Segment Start: Material shown

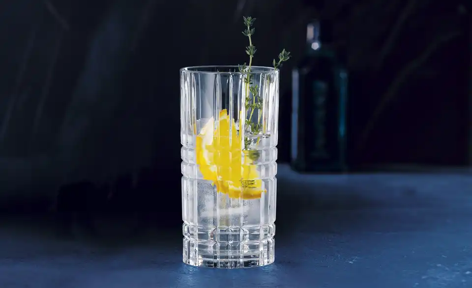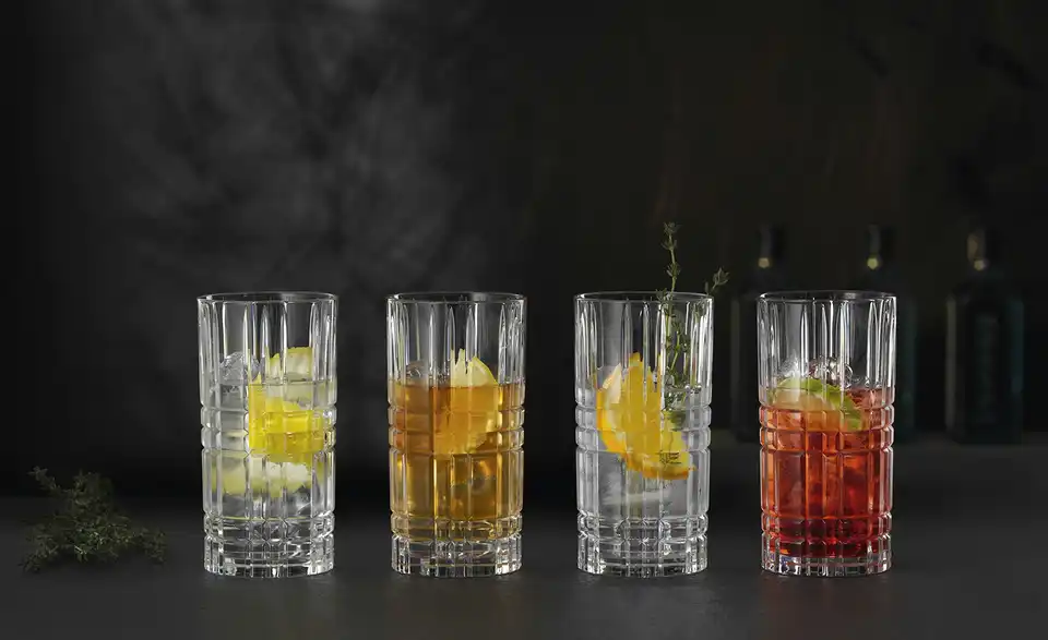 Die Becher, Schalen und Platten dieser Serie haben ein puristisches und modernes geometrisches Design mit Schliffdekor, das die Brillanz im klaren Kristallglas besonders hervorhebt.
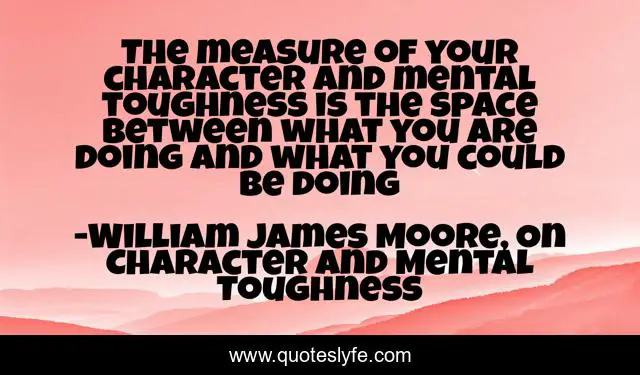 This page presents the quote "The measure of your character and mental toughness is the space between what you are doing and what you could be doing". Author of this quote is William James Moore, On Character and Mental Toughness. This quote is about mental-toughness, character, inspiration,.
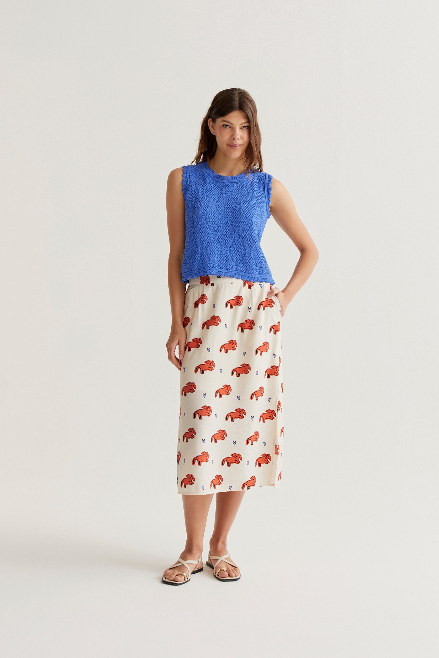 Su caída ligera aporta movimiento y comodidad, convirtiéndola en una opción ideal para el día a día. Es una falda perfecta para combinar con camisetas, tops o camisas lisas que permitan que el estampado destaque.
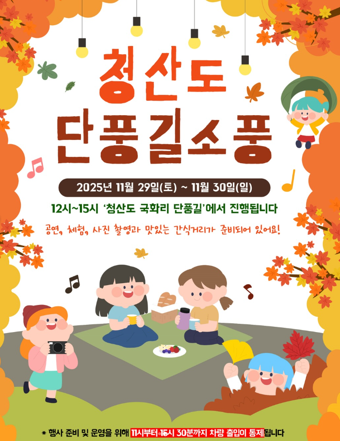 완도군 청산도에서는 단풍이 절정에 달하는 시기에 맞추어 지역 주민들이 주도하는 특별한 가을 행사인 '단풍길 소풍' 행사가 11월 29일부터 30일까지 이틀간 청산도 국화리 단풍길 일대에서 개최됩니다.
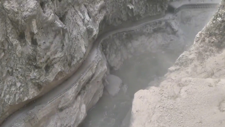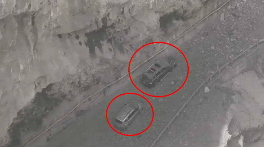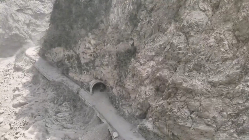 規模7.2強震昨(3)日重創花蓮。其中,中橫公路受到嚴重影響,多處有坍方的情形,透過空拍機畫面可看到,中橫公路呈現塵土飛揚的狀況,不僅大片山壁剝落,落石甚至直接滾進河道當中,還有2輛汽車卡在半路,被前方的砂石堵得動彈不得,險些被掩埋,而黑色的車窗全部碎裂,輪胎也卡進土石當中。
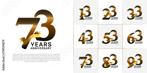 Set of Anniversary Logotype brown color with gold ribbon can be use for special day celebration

Segment End: Material shown

▶ [Assignment]:
Your answer should hold only the lines from the line with "規模7.2強震昨(3)日重創" through the closing line of the records, restated exactly and free of pictures.

▶ [Reply to the exercise]:
 規模7.2強震昨(3)日重創花蓮。其中,中橫公路受到嚴重影響,多處有坍方的情形,透過空拍機畫面可看到,中橫公路呈現塵土飛揚的狀況,不僅大片山壁剝落,落石甚至直接滾進河道當中,還有2輛汽車卡在半路,被前方的砂石堵得動彈不得,險些被掩埋,而黑色的車窗全部碎裂,輪胎也卡進土石當中。
 Set of Anniversary Logotype brown color with gold ribbon can be use for special day celebration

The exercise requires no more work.